The expected output is an exact copy of each line from the line with "13 trandafiri,eucalipt,balon inima" through the end of the data below, with no pictures in it.

DATASET ENTRIES section start

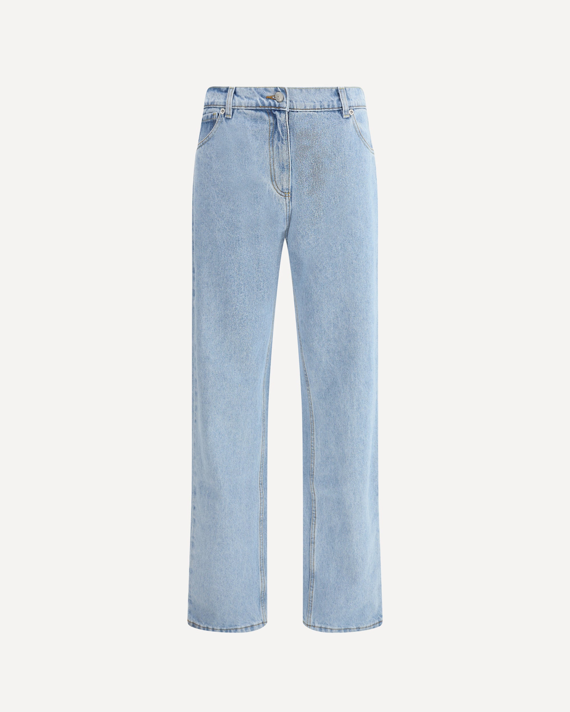 Made of pure washed cotton, Magda Butrym's straight jeans offer a casual yet curated aesthetic. Featuring a classic five-pocket design, they feature belt loops at the waist, a zipper fly and single button closure. The logo label on the back adds a distinctive detail, perfect for completing an everyday look with a touch of signature style.
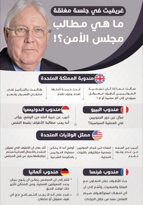 وأشاروا إلى أن مجلس الأمن يمكن أن يلوح ببيان، يحدد فيه المعرقلين للعملية السلمية، وأنه لن يتم التسامح مع أي طرف معرقل أو مخطئ في حق الشعب اليمني. وناشدوا الأطراف كافة التعاون مع بعثة الأمم المتحدة، وتطبيق اتفاقيات «استوكهولم».
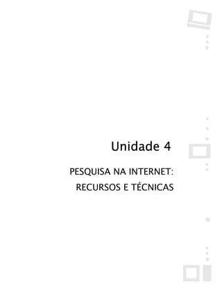 Este documento fornece dicas para pesquisas na internet, incluindo estratégias de pesquisa e ferramentas como mecanismos de busca. Ele explica como URLs funcionam e lista alguns dos principais sites de busca como Google, Yahoo e AltaVista. O documento também discute equívocos comuns sobre pesquisas na internet.
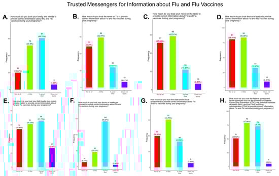 We asked participants to identify their most trusted messengers when needing information about flu and flu vaccines. The messengers included family and friends, news and newspapers, online news, social media, faith leaders, primary care providers, local and state governments, and federal government health agencies (CDC, FDA, NIH) (Figure 17). Briefly, for friends and family, 81.3% responded that they were “a great deal” or “a little” reliable sources for flu information, while 4.4% responded “not at all” and 4.3% responded as “not applicable” (Figure 17A). For news and newspapers, 60.1% responded that they were “a great deal” or “a little” reliable sources of flu information, while 35.1% responded “not at all” and 4.8% responded as “not applicable” (Figure 17B). For news online, 58.3.1% responded that they were “a great deal” or “a little” reliable sources of flu information, while 36.5% responded “not at all” and 5.3% responded as “not applicable” (Figure 17C). For social media, 56.3% responded that they were “a great deal” or “a little” reliable sources for flu information, while 39.0% responded “not at all” and 4.8% responded as “not applicable” (Figure 17D). For faith leaders, 61.0% responded that they were “a great deal” or “a little” reliable sources of flu information, while 26.0% responded “not at” all and 13.0% responded as “not applicable” (Figure 17E). For primary care physicians, 90.4% responded that they were “a great deal” or “a little” reliable sources of flu information, while 6.7% responded “not at all” and 2.9% responded as “not applicable” (Figure 17F). For state and local governments, 67.4% responded that they were “a great deal” or “a little” reliable sources of flu information, while 28.9% responded “not at all” and 3.9% responded as “not applicable” (Figure 17G). For federal government health agencies, 73.1% responded that they were “a great deal” or “a little” reliable sources of flu information, while 24.5% responded “not at all” and 2.4% responded as “not applicable” (Figure 17H).
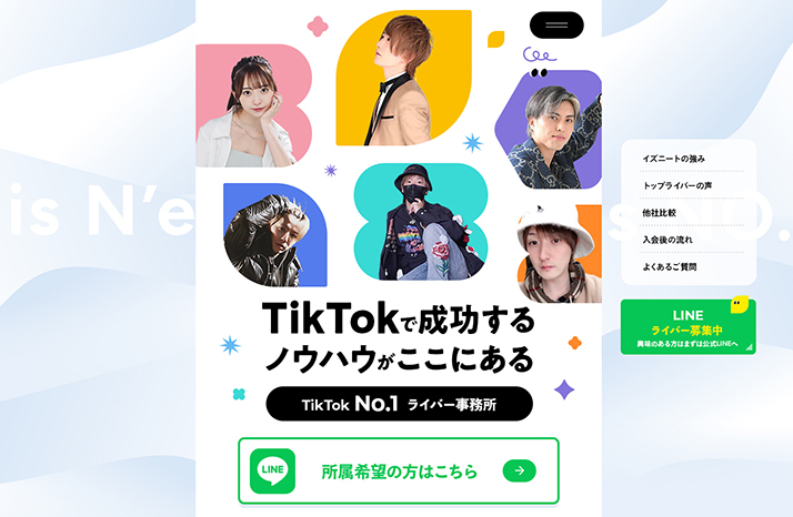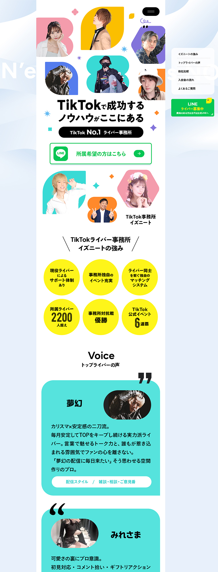 Tiktokライバー事務所最大手、株式会社イズニート様のライバー募集に関するLP制作を担当させて戴きました。
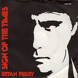 "Sign of the Times" is a song by the English singer and songwriter Bryan Ferry. Recorded whilst Ferry's band Roxy Music were on hiatus, it was released as the second single from his fifth solo studio album The Bride Stripped Bare (1978). The single peaked at number 37 in the UK Singles Chart, but failed to chart elsewhere. The single also features the non-album track, "Four Letter Love" as its B-side. The promotional music video was Ferry performing the song on the first episode of The Kenny Everett Video Show in 1978.[2][3]
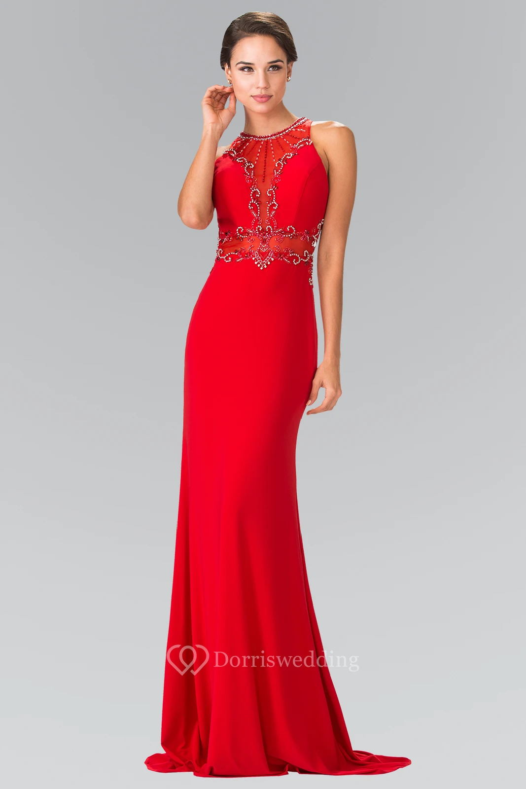 Sheath Jewel-Neck Sleeveless Jersey Illusion Dress With Beading
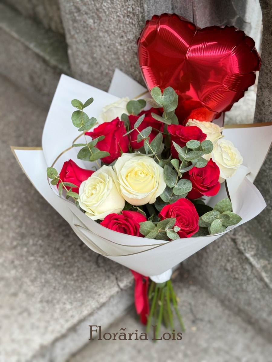 13 trandafiri,eucalipt,balon inima
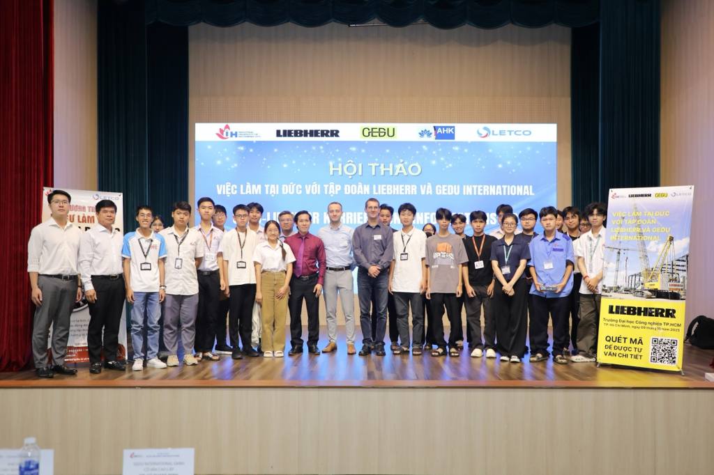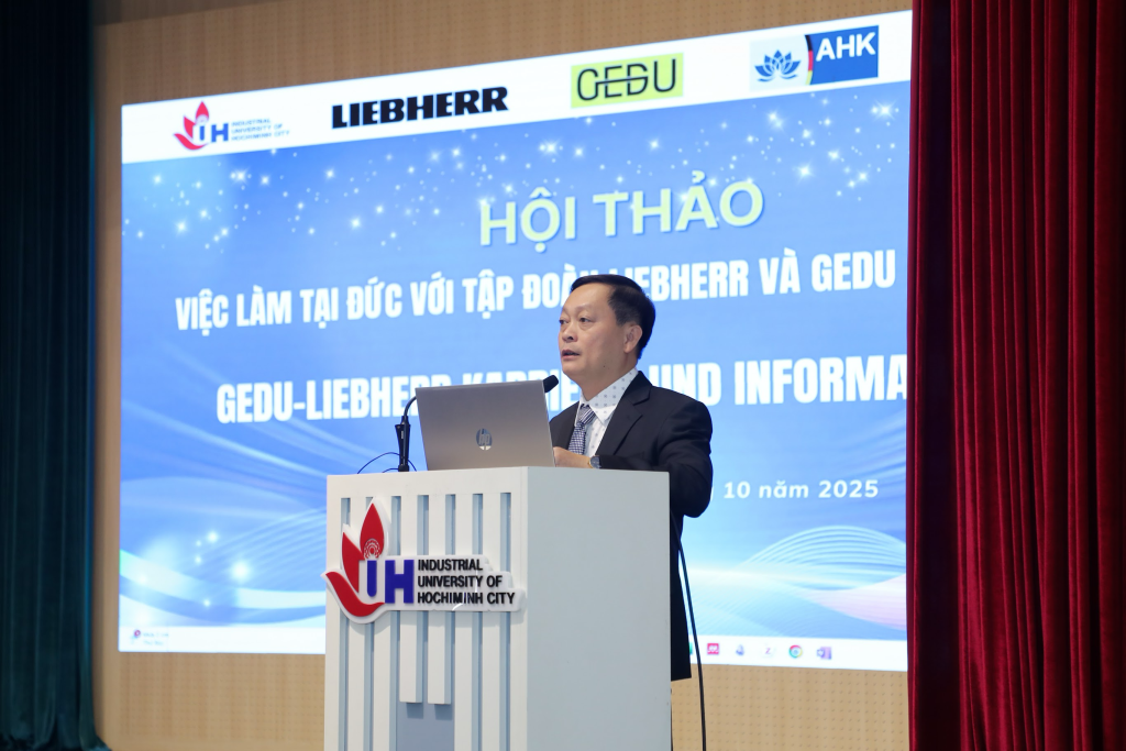 Chiều ngày 9/10/2025, Đại học Công nghiệp TP. Hồ Chí Minh tổ chức Hội thảo “Cơ hội làm việc và phát triển sự nghiệp toàn cầu tại CHLB Đức”, với sự đồng hành của Tập đoàn Liebherr và GEDU International GmbH, mang đến cho sinh viên thông tin thiết thực về chương trình học tập, rèn luyện và phát triển nghề nghiệp tại một trong những trung tâm công nghiệp hàng đầu thế giới.
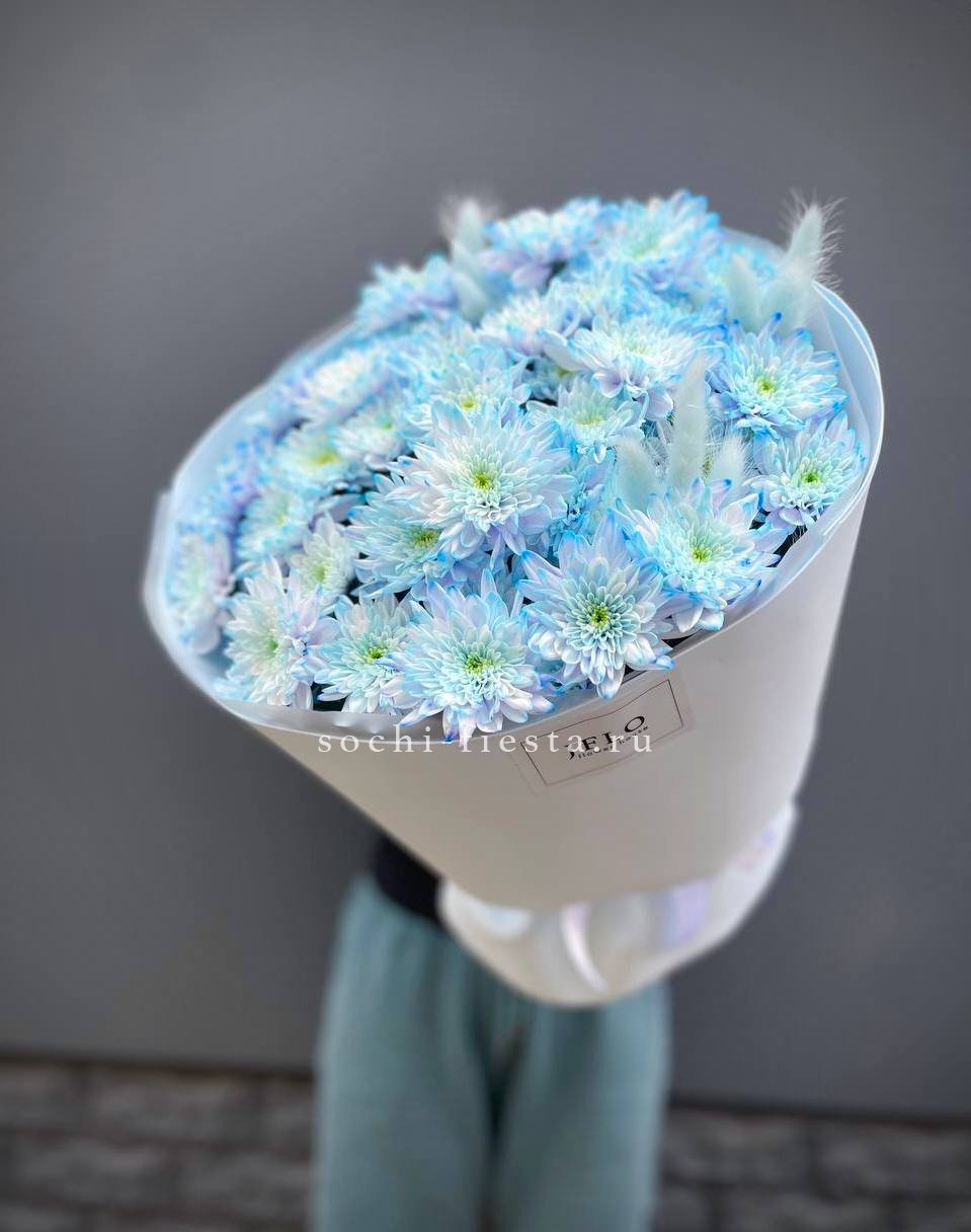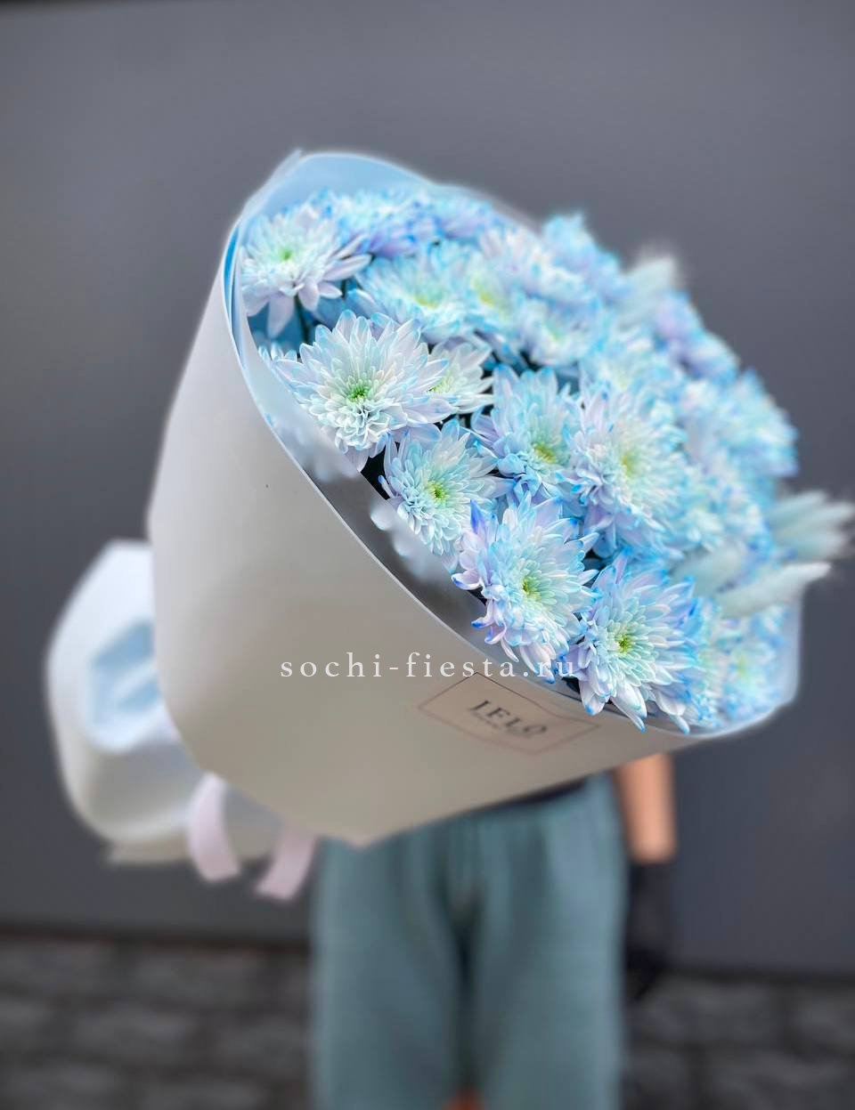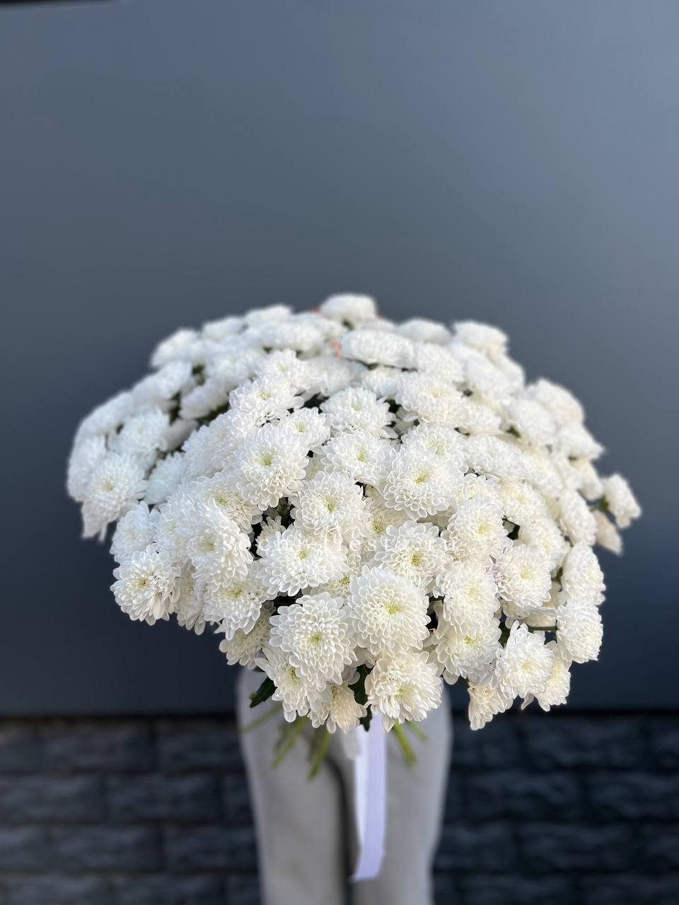 Пушистые коробочки хлопка добавляют воздушности между соцветиями хризантем. Природная фактура встречается с декоративной упаковкой в компактной форме. Букет держит объём и выглядит свежо несколько дней.

DATASET ENTRIES section end

## ANSWER AREA:
 13 trandafiri,eucalipt,balon inima
 Chiều ngày 9/10/2025, Đại học Công nghiệp TP. Hồ Chí Minh tổ chức Hội thảo “Cơ hội làm việc và phát triển sự nghiệp toàn cầu tại CHLB Đức”, với sự đồng hành của Tập đoàn Liebherr và GEDU International GmbH, mang đến cho sinh viên thông tin thiết thực về chương trình học tập, rèn luyện và phát triển nghề nghiệp tại một trong những trung tâm công nghiệp hàng đầu thế giới.
 Пушистые коробочки хлопка добавляют воздушности между соцветиями хризантем. Природная фактура встречается с декоративной упаковкой в компактной форме. Букет держит объём и выглядит свежо несколько дней.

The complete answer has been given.